The output of python --version:
3.9

Siddhant Sadangi · Answer 1 · Tue Mar 05 2024 23:17:24 GMT+0800 (China Standard Time)

Hey @wouterzwerink 👋

I am not able to reproduce this. Comparing the plots for async and offline runs gives me perfectly overlapping plots:

Could you share a minimal code sample that would help me reproduce this?

Wouter Zwerink · Answer 2 · Tue Mar 05 2024 23:31:29 GMT+0800 (China Standard Time)

Thanks for looking into this. I can try to create a minimal example later.
From the top of my head there is a couple things we do that may be needed to reproduce:

Changing the .neptune folder location by temporarily changing directory when initializing the run
Using run["some_prefix"] instead of the run object. So we'd assign neptune_run = run["prefix"] and then log like neptune_run["value"].append(score)
Use a high flush period (900), though that should not affect offline runs

Siddhant Sadangi · Answer 3 · Tue Mar 05 2024 23:42:38 GMT+0800 (China Standard Time)

Still no luck, unfortunately 😞

Here's the code I used:

import os

import neptune
import numpy as np

np.random.seed(42)

# Changing `.neptune` folder
original_cwd = os.getcwd()
os.chdir("temp_folder")

run = neptune.init_run(mode="offline", flush_period=900)

os.chdir(original_cwd)

# Logging to namespace_handler
neptune_run = run["prefix"]

for _ in range(100):
    neptune_run["values"].append(np.random.rand())

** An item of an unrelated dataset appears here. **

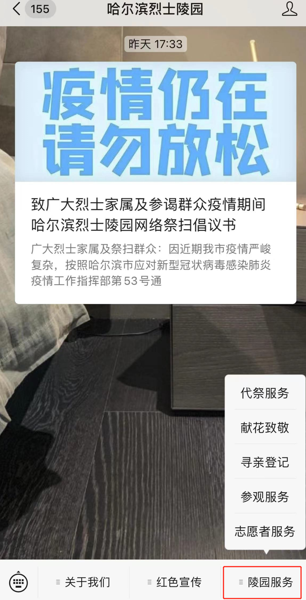 方法3:关注哈尔滨烈士陵园微信公众号,①点击陵园服务→点击进入全体祭祀→点击右侧添加祭品并鞠躬;②点击陵园服务→进入烈士纪念堂→学习烈士生平事迹→点击图标为烈士祈福留言→点击祭拜添加祭品并鞠躬。

Wouter Zwerink · Answer 4 · Tue Mar 05 2024 23:56:18 GMT+0800 (China Standard Time)

Oh strange! How are you syncing the offline run?
We call run.stop() followed by a subprocess call to neptune sync --path {path} --project {project} --offline-only

path points to the changed directory, so temp_folder in your case

Siddhant Sadangi · Answer 5 · Tue Mar 05 2024 23:58:25 GMT+0800 (China Standard Time)

I was doing it manually from the terminal, but let me try your approach as well

Wouter Zwerink · Answer 6 · Tue Mar 05 2024 23:59:34 GMT+0800 (China Standard Time)

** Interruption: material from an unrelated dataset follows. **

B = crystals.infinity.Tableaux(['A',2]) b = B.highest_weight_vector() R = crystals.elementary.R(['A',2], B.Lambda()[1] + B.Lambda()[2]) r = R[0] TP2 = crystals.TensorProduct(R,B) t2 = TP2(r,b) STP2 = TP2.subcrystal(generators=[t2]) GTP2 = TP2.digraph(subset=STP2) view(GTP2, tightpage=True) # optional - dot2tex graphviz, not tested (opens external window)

I'll take some time tomorrow to try to isolate the issue, thanks again for looking into this

Siddhant Sadangi · Answer 7 · Wed Mar 06 2024 00:03:10 GMT+0800 (China Standard Time)

Same results

import os
import subprocess

import neptune
import numpy as np

np.random.seed(42)

# Changing `.neptune` folder
path = "temp_folder"
original_cwd = os.getcwd()
os.chdir(path)

run = neptune.init_run(mode="offline", flush_period=900)

os.chdir(original_cwd)

# Logging to namespace_handler
neptune_run = run["prefix"]

for _ in range(100):
    neptune_run["values"].append(np.random.rand())

# Stop and sync manually
run.stop()

subprocess.call(f"neptune sync --path {path} --offline-only")

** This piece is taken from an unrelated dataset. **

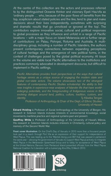 At the centre of this collection are the actors and processes referred to by the distinguished Oceania thinker and visionary Epeli Hau'ofa as 'ordinary people ... who, because of the poor flows of benefits from the top, scepticism about stated policies and the like, tend to plan and make decisions about their lives independently, sometimes with surprising and dramatic results that go unnoticed or ignored at the top'. The contributors explore innovative social, cultural and political responses to global processes as they influence and unfold in a range of Pacific locations - with a major focus on Island Melanesia and a further range of contributions on Palau, Pohnpei, Rotuma and Australia. A multidisciplinary group, including a number of Pacific Islanders, the authors present contemporary connections between expanding perceptions of cultural heritage and the emergence of new political forms, in the context of challenges posed by the global political economy. At issue in the volume are viable local Pacific alternatives to the institutions and practices commonly advocated in development discourse, but difficult to implement in Pacific settings. Pacific Alternatives provides fresh perspectives on the ways that cultural heritage serves as a unique source of engaging the modern state and global non-state actors. The volume showcases two of the strongest features of contemporary Pacific Studies scholarship: the ability to find new insights in experience-near analyses of Islander life that have world-enlarging potentials, and the foregrounding of Indigenous voices in the evolving dialogue around land, politics, culture, tradition, custom, and identity. Ty K¿wika Tengan - Professor of Anthropology & Chair of the Dept. of Ethnic Studies,University of Hawai'i
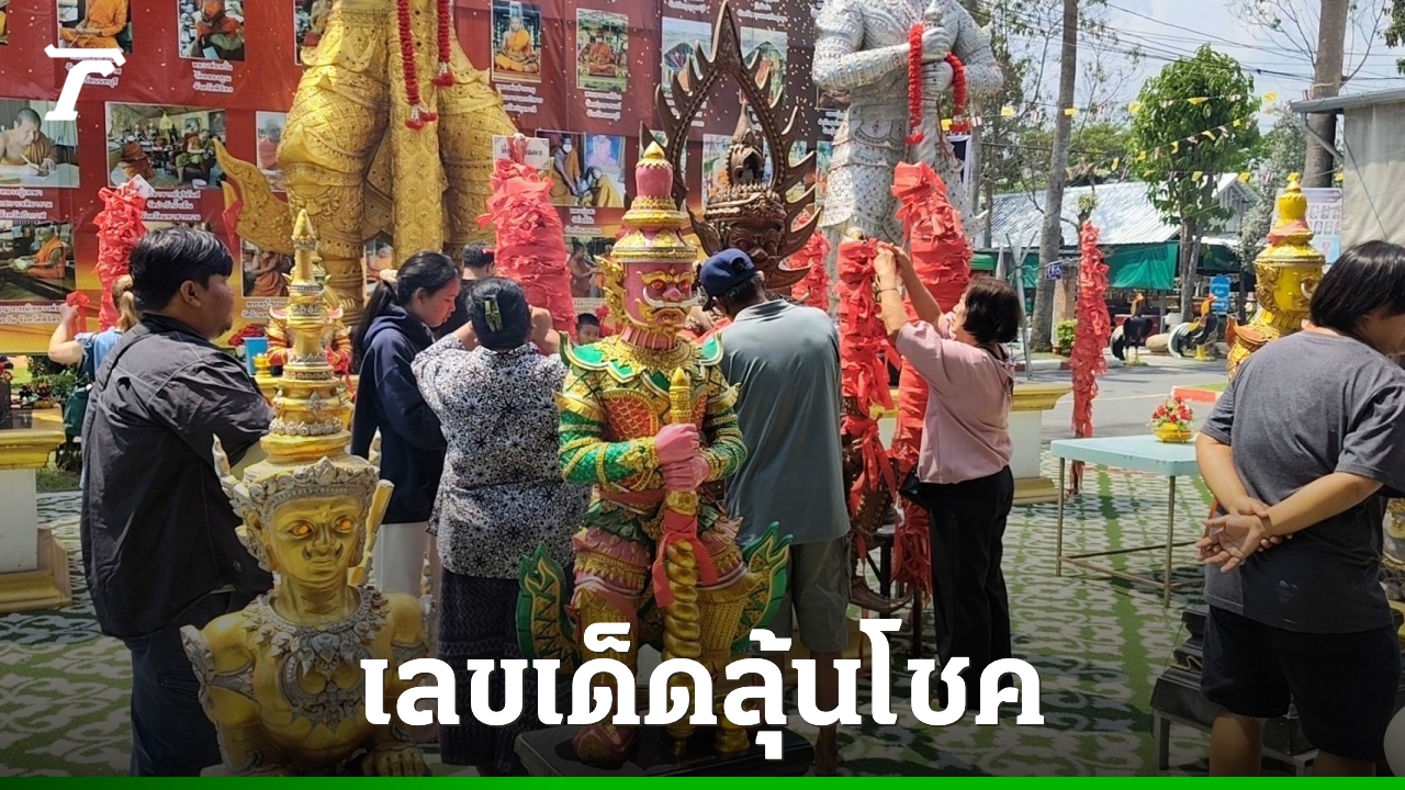 "ท้าวเวสสุวรรณ" วัดดอนใหญ่ให้โชค 4 งวดติด แม่ค้าออนไลน์ศรัทธานำเครื่องเซ่นไหว้มาแก้บน พร้อมจุดธูปเสี่ยงทายนำ "เลขเด็ด" กลับไปลุ้นรวย

Wouter Zwerink · Answer 8 · Sun Mar 10 2024 23:28:05 GMT+0800 (China Standard Time)

Hi @SiddhantSadangi ! I have a script for you that reproduces the bug on my end:

import os

import neptune
import torch
import torch.nn.functional as F
from pytorch_lightning import LightningModule, Trainer, seed_everything
from pytorch_lightning.loggers import NeptuneLogger
from torch.utils.data import DataLoader, TensorDataset

PROJECT = "project-name"


class LitModel(LightningModule):
    def __init__(self):
        super().__init__()
        self.layer = torch.nn.Linear(32, 2)

    def forward(self, x):
        return self.layer(x)

    def training_step(self, batch, batch_idx):
        x, y = batch
        y_hat = self.layer(x)
        loss = F.cross_entropy(y_hat, y)
        self.log("train/loss", loss)
        return loss

    def configure_optimizers(self):
        return torch.optim.Adam(self.parameters(), lr=0.02)


seed_everything(42)


NUM_SAMPLES = 10_000  # Bug does not happen if this is too small, e.g. 1000
x = torch.randn(NUM_SAMPLES, 32)
y = torch.randint(0, 2, (NUM_SAMPLES,))
dataset = TensorDataset(x, y)


def get_dataloader():
    # Bug does not happen if num_workers=0
    return DataLoader(dataset, batch_size=16, num_workers=4)


run = neptune.Run(
    project=PROJECT,
    mode="offline",  # Bug only happens in offline mode, not with sync or async
    flush_period=900,
    capture_hardware_metrics=False,  # Bug does not happen if these are enabled
    capture_stdout=False,
    capture_stderr=False,
    capture_traceback=False,
)


for prefix in ("prefix1", "prefix2"):
    logger = NeptuneLogger(
        run=run[prefix],
        log_model_checkpoints=False,
    )

    model = LitModel()
    dataloader = get_dataloader()
    trainer = Trainer(
        logger=logger,
        max_epochs=4,
    )
    trainer.fit(model, dataloader)

# Stop and sync manually
run.stop()
os.system(f"neptune sync --project {PROJECT} --offline-only")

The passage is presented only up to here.